I'm an RF design engineer, no avionics experience, but I have spent the last 5 years stopping HF radios and now mobile phones from interfering with themselves (insert innuendo here....)
Gengis, the big problem with practical faraday cages is you need to get in and out of them, and their weak spots are always the doors, hatches, lids, etc. You can try and seal them with a conductive gasket, but these tend to be fragile and don't take to repeated opening and closing well. Also as lunkenheimer says, there is no protection against magnetic fields.

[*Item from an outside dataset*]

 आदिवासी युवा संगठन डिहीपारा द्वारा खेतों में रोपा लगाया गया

QAVION, I don't know anything about how ILS systems work, but I suspect that a portable ILS tester will have a range of around 100 meters. Radio waves decay by an inverse square law, so that when the signal from an ILS tester reaches an aeroplane on approach, the signal will be below the noise floor of it's receiver. Even if it wasn't I suspect that the genuine ILS transmitter would swamp any ILS test transmitters, by several orders of magnitude, and the chances of interference there are minimal.

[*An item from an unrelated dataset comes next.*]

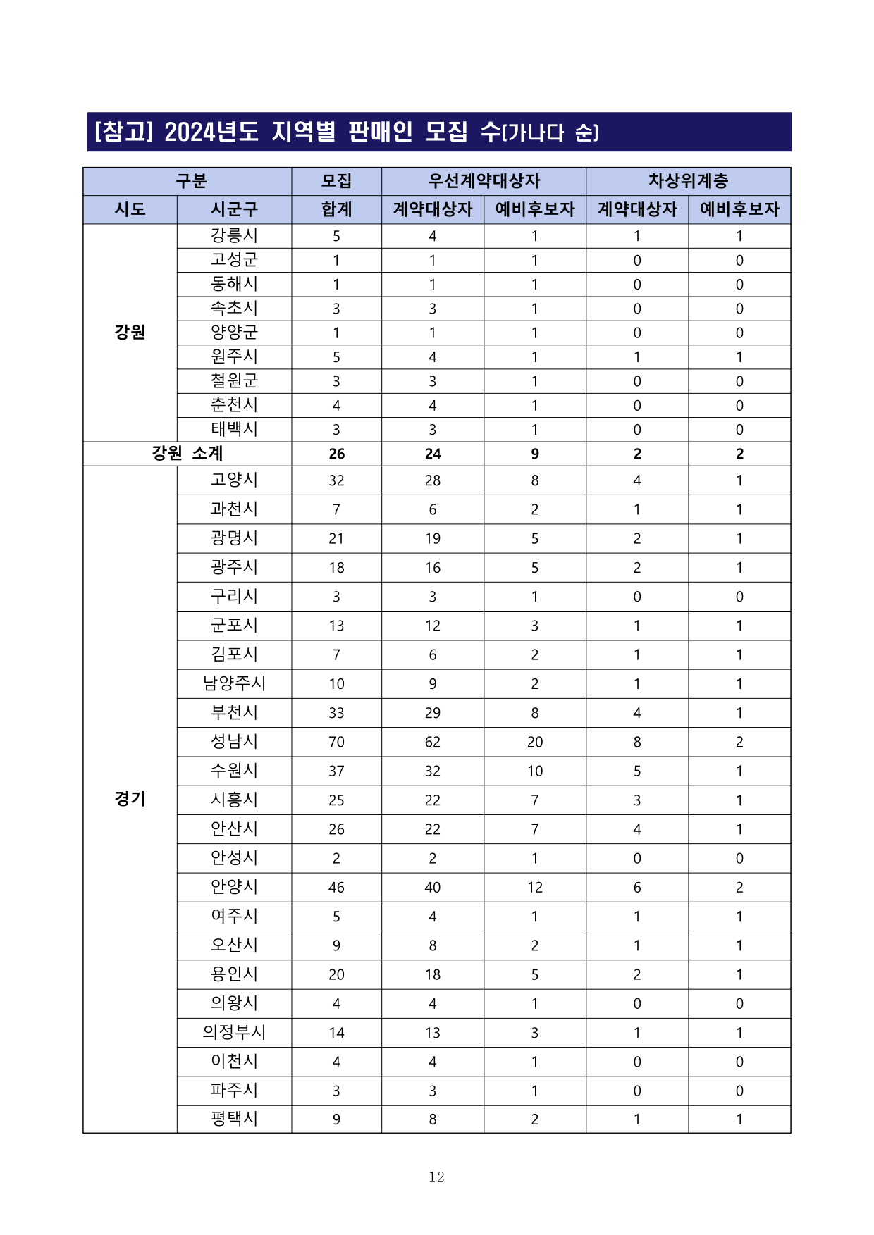 - 별지「2024년 지역별 판매인 모집 수」참조

As to the radio waves propogating round the aeroplane to the ILS receivers under test I suspect that there may be a bit of bending, or fringing. I think it operates at around the same frequency as FM radio, and that isn't particularly line of sight . To be honest I'm getting out of my depth here as I've not touched an antenna design, or anything to do with propogation since university. Once again though the caveat that I know nothing about ILS, so if I have missed something fundamental please let me know.
EM interference is a strange unpredictable business, and you cannot easily predict how things will interact with each other. In other words, switch it off. And it's a top excuse to not do any work while travelling!